Democratizing ML at Freshworks
Submitted by Arvind Aravamudhan (@arvindaravamudhan) on Monday, 15 April 2019
Session type: Short talk of 20 mins
The data journey usually begins with raw data, advances to data analytics and then matures to data science. The key for reaching data science maturity is to organize and store data for large scale crunching. ML/AI being one of the key growth drivers for Freshworks, in the presentation I will walk through how we solved the data organization and access problem for ML/AI use cases by building our own data lake.

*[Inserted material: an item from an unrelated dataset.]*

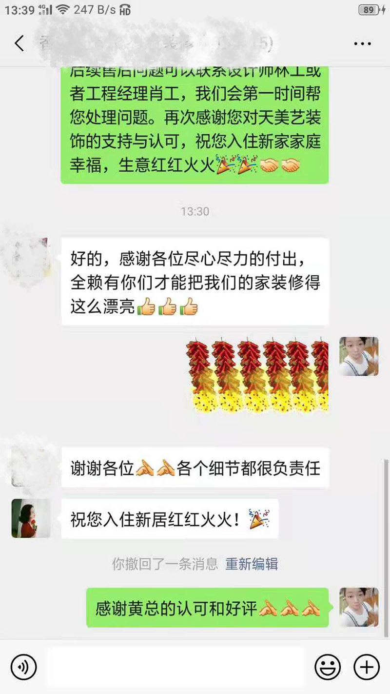 感謝各位盡心盡力的付出,全賴有你們才能把我們的家裝修得這么漂亮,謝謝各位,各個細(xì)節(jié)都很負(fù)責(zé)任。
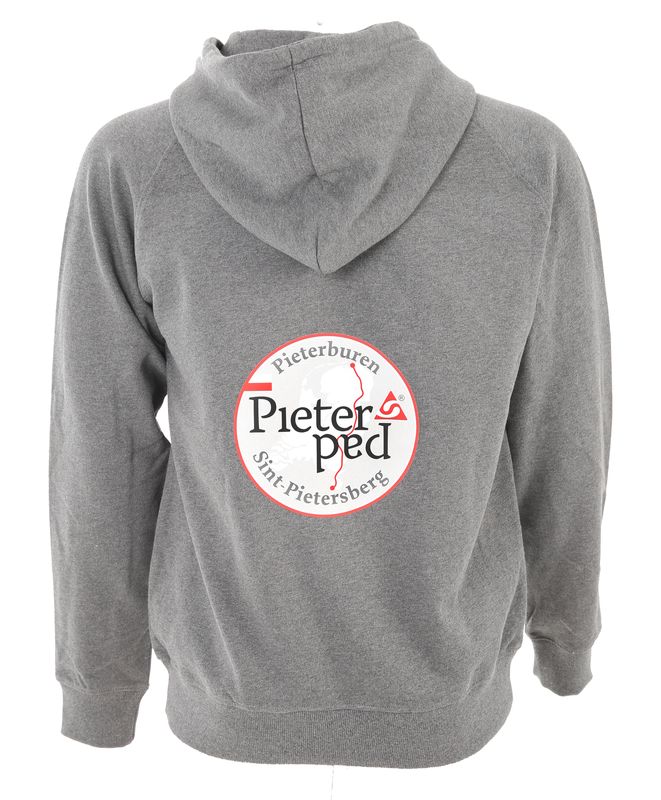 Hoge kwaliteit grijze sweater met capuchon en ritssluiting, Aan de voorkant is op de rechterborst het Pieterpad-logo aangebracht. Op de achterzijde het Pieterpad embleem met logo in de kaart van Nederland.

1.Purpose - Support multiproduct, time, cost, Security & Complaince
2.Driving Value from Data and adoption at Freshworks
3.Patterns of Data Flow
4.Ingestion, Self Service Portal and ML pipelines - version 1 & 2 of pipelines
5.Security - Kerberos, OAuth and Sentry
a) CDC - Faster Data b) Spot Instances - Cheaper (Cost)
Arvind heads the Data Engineering team at Freshworks, which, among other things, helps democratize ML and works closely with Analysts to help generate insights. The team is responsible building and managing the Data Lake and its pipelines. He has been working on moving some of the company’s core datasets from being processed in a once-a-day daily batch ETL to being processed in near real time. Previously, Arvind was an Architect at Banca Sella where he helped build and architect Fin-Tech solutions and was focused on identifying the Technology, Tools and Methodologies which aee most appropriate to the Banking Domain and highly transactional distributed systems.
He has also published blogs where he explains how he went about building one at Freshworks.